Infectious Mononucleosis: The Best-Recognized Epstein-Barr Virus Infection

EPSTEIN-BARR VIRUS (EBV) disease is the most common chronic infection in humans, affecting nearly all older adults sometime in their lifetime.² The best recognized EBV infection is infectious mononucleosis (IM), an acute febrile disease often seen in seronegative college students engaged in deep kissing, thus its familiar moniker “kissing disease” (Figure 2).³ Salivary secretion of the virus may persist for three or four months after recovery from IM, permitting its widespread dissemination on college campuses.
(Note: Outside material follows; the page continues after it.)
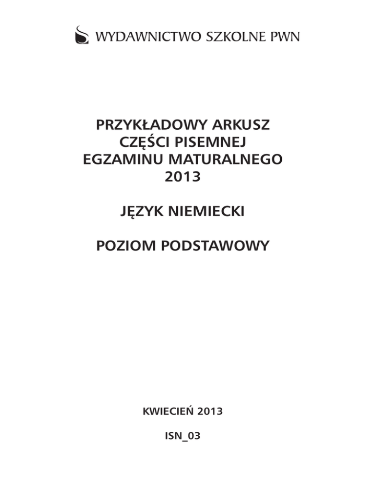 przykładowy arkusz części pisemnej egzaminu maturalnego 2013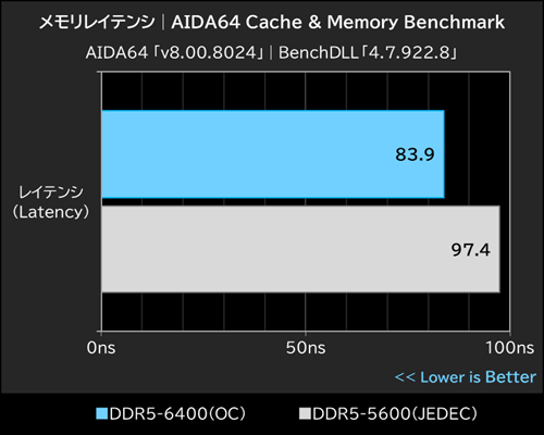 スペック上のCASレイテンシ(CL)を比較すると、DDR5-5600のCL46が約16.4ナノ秒であるのに対し、DDR5-6400のCL32は約10.0ナノ秒であり、メモリ側でのレイテンシがかなり削減された結果であることがうかがえる。

Early primary EBV infections are common in young children living in the tropics or in lower socioeconomic conditions.² Such infections are generally mild or asymptomatic but lead to seroconversion with durable immunity to another primary EBV infection. Thus, IM is uncommon in these populations, and also in African-Americans.^4,5

IM is only mildly contagious, as it is spread by oral secretions, not by respiratory droplets. It can also be transmitted by blood transfusion, organ transplants or, rarely, by maternal-fetal transmission.²

EBV and Its CD21 Receptor

EBV is a herpes virus (human herpes virus-4) whose only natural reservoir is humans.2 The EBV receptor is the CD21 protein on the surface of B lymphocytes. Once EBV infection occurs, the virus remains forever in a latent state in B memory cells, resulting in lifetime seropositivity to the virus. Antibodies to the virus are directed at the viral capsid antigen (VCA), the nuclear antigen (EBNA) and the early antigen (EA), which appear in a characteristic sequence after an acute EBV infection (Figure 3).

B cells harboring the latent virus can become activated at any age to proliferate and release virus, usually following another illness, medications or stress. These secondary infections can be mild or severe and cause a myriad of illnesses.

The EBV CD21 receptor is also present on some nasopharyngeal epithelial cells. EBV entering the mouth attaches to these short-lived cells that proliferate and excrete virus into the saliva and infect local B cells that disseminate the virus throughout the body. They also stimulate the production of EBV-specific antibodies and CD8 cytotoxic T cells, the latter of which control the acute infection. Virus remains in the body forever as a latent infection in some memory B cells.

The ability of EBV to infect and immortalize B cells allows for the in vitro production of a permanent B cell line. These cells can be frozen, thawed and expanded to provide an unlimited source of a patient’s DNA for genetic tests.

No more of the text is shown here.